Re: [Phys-l] Motion in 1D, vectors and vector components

[John Denker <jsd@av8n.com>]

On 08/17/2007 10:56 AM, Jeffrey Schnick wrote:
> ... I think I would rate "array element" higher than
> "matrix element".  

I can live with "array element".

I suspect for the purposes of an introductory discussion
of vectors, shortening it to "element" would be just fine
... in which case we don't need to ask whether it is short
for "matrix element" or "array element".

> I believe I have this prejudice because my first
> encounter with the word "array" was (perhaps) in a programming
> context where the first kind of array I encountered was a
> one-dimensional array whereas my first encounter with the word
> "matrix" was (perhaps) in a mathematics course where the first kind
> of matrix that was referred to as a matrix was a two-dimensional
> matrix.

Yeah, but there's a lot of good things you can do with non-square
matrices.  For starters, it's good to be able to distinguish row
vectors from column vectors, i.e. to distinguish one-forms from
pointy vectors.  That shows up in QM (bras and kets) and in thermo
and in general relativity.

> A Google search on "scalar projection" indicates that some people
> think that there are at least two kinds of projections of a vector
> onto another vector.  See, for instance, 
> <http://en.wikipedia.org/wiki/Dot_product> where a diagram caption
> reads "|a|*cos(θ) is the scalar projection of a onto b". 
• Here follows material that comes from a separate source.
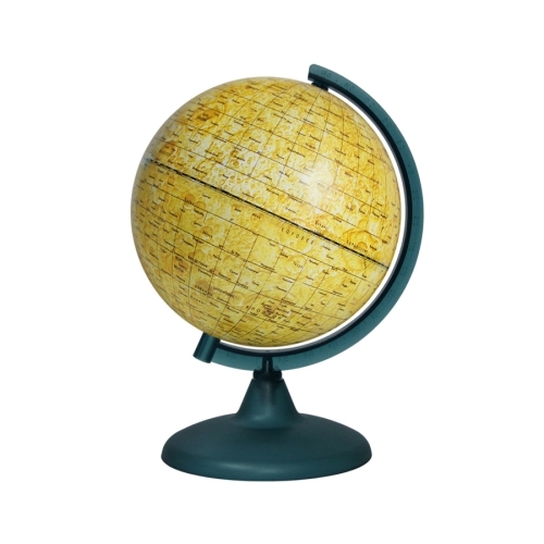 На глобус нанесена физическая карта Луны, на которой отражены лунные моря, материки, озера, кратеры, борозды, долины, морские гряды, горные хребты и прочие особенности рельефа спутника. Также отмечены места посадки космических станций.

Ouch, that expression hurts my ears.  It's going to take more
than some unsourced wikipedia article to persuade me to adopt
that terminology.  And there's no need for it;  it would be
just as easy to say that |A|cos(θ) is the /length/ of the 
projection of A onto the direction of B.


> This might
> actually argue in favor of using the word "projection" for what some
> folks call a "component vector" in that it would help folks learn
> what a projection really is but it indicates that it is not
> self-describing to everybody. 

None of these terms are self-describing to naive students.
You can't talk about "orthogonal" projections in front of
students who don't know what "perpendicular" means, let 
alone what "orthogonal" means.

I think we need to base most such decisions on a certain
amount of lookahead:  we should decide what ideas we want 
to /become/ established in the students' minds.  Projection 
operators are used all over the place in physics, and 
projective geometry is a respectable subfield of mathematics.

In the circles I move in, the idea of projection gets used
many times per day.  Consider the pin-connected strut:  it
is the most natural thing in the world to ask what is the
projection of the strut-force Fs onto the direction of
motion of the anvil.

For me, it's a cost/benefit analysis.  The cost of introducing
the idea of "projection" is no greater than the cost of any 
other way I've seen of solving this problem ... and the payoff 
is much higher.

> I like component vector because it is
> self-describing; its name tells everyone that it is a vector.

Yeah, but it's not as useful as the "projection" idea.

Projection is a physics /idea/ ... not mere terminology.

Ideas are primary.  Terminology is secondary.